News flash: climate change is happening. We’ve all heard it before, right? Scientists confirm this, experts say that. After a while it melts and merges into all the other daily monotony. It’s another feature on the news whilst we compete in the daily race of ‘how quickly can I drink my coffee before I need to be out the door 10 minutes ago?’.  We passively absorb this information, subconsciously sequestering it in our mind palaces with a label reading ‘bad’, right next to ‘stock markets are up’ with a label reading ‘good’.  What is it about this information that makes us so emotionally binary?

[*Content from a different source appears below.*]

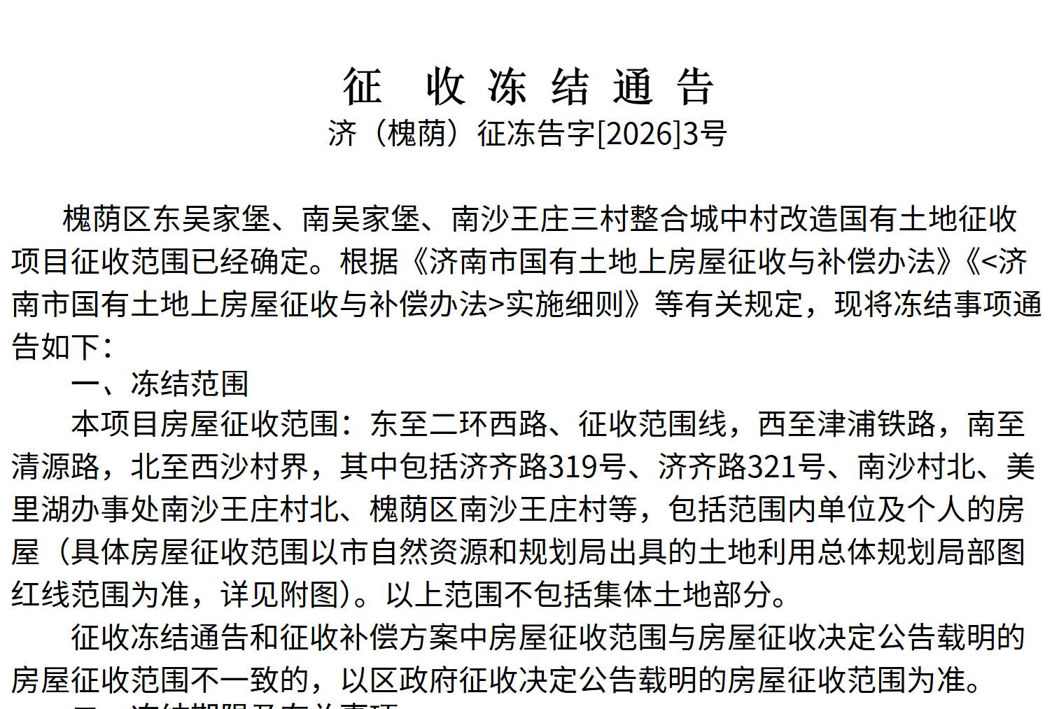 近日,济南市槐荫区住房和城乡建设局发布征收冻结通告,槐荫区东吴家堡、南吴家堡、南沙王庄三村整合城中村改造国有土地征收项目征收范围已经确定。

More than ever we are being told to be mindful; defined as bringing one's attention to experiences occurring in the present. I believe this is where the problem lies. We are so busy worrying about the stuff in the present that we forget to consider the things which extend beyond the now. Beyond us. We’re so caught up in the fight or flight of the here and now that we’ve lost sight of the bigger picture. We are forgetting to zoom out. We’re so accustomed to being a grain of sand that we’ve forgotten it’s our unity making the beach.  We’re becoming detached from the big things because we think they don’t directly impact us: the social, economic and environmental drivers which make civilization tick along nicely. So when that information comes knocking at our door, our internal housekeeper asks ‘what’s it to me?’. 

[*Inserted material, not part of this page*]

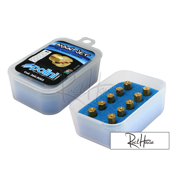 Ideal kit to set up your carburetor. 10 main jets in a handy plastic box, which makes it easier to grab the right one. And it's also cheaper than buying the jets individually. A set includes 10 mainjets. There are different sets for all 21 to 28mm PWK carburetors, or 17.5 to 23mm Polini CP carburetors, each available in two different ranges of sizes.

Confession time.  I forget to turn off the lights. Like the rest of us, I forget to zoom out. There’s things I know I should care more about, be more concerned for. It’s not like I don’t want to, but in that moment, I just don’t have the storage space. The time. The energy. My toothbrush is constantly on charge because the last time it needed plugging in I had to ask maintenance for help. Though I think this says just as much about my lack of dexterity as it does my environmental concern. Even now, admittedly, I’ll walk out of a room and not switch the TV off. I know it’s bad, but I’ll conjure some fantastical excuse why not to. ‘Someone else might want to watch it’ is a common clause in my mental phrasebook entitled ‘I can’t be bothered’. We do dress ups with our environmental evils, playing pretend that it’s a good deed for someone else.  According to the Energy Saving Trust, 9-16% of household electricity consumption is for powering appliances on standby mode. We are all in standby mode. We never fully turn off from the now and appreciate our surroundings. If we externalized our mindfulness, I think we’d all be better off. We need to think of ourselves as global custodians, protecting the environment for the future. When that tsunami wave comes, we need to protect the beach, not just our grain. So next time that information comes knocking, we’ll genuinely think ‘what’s it to us?’.  And on that note, it’s lights out.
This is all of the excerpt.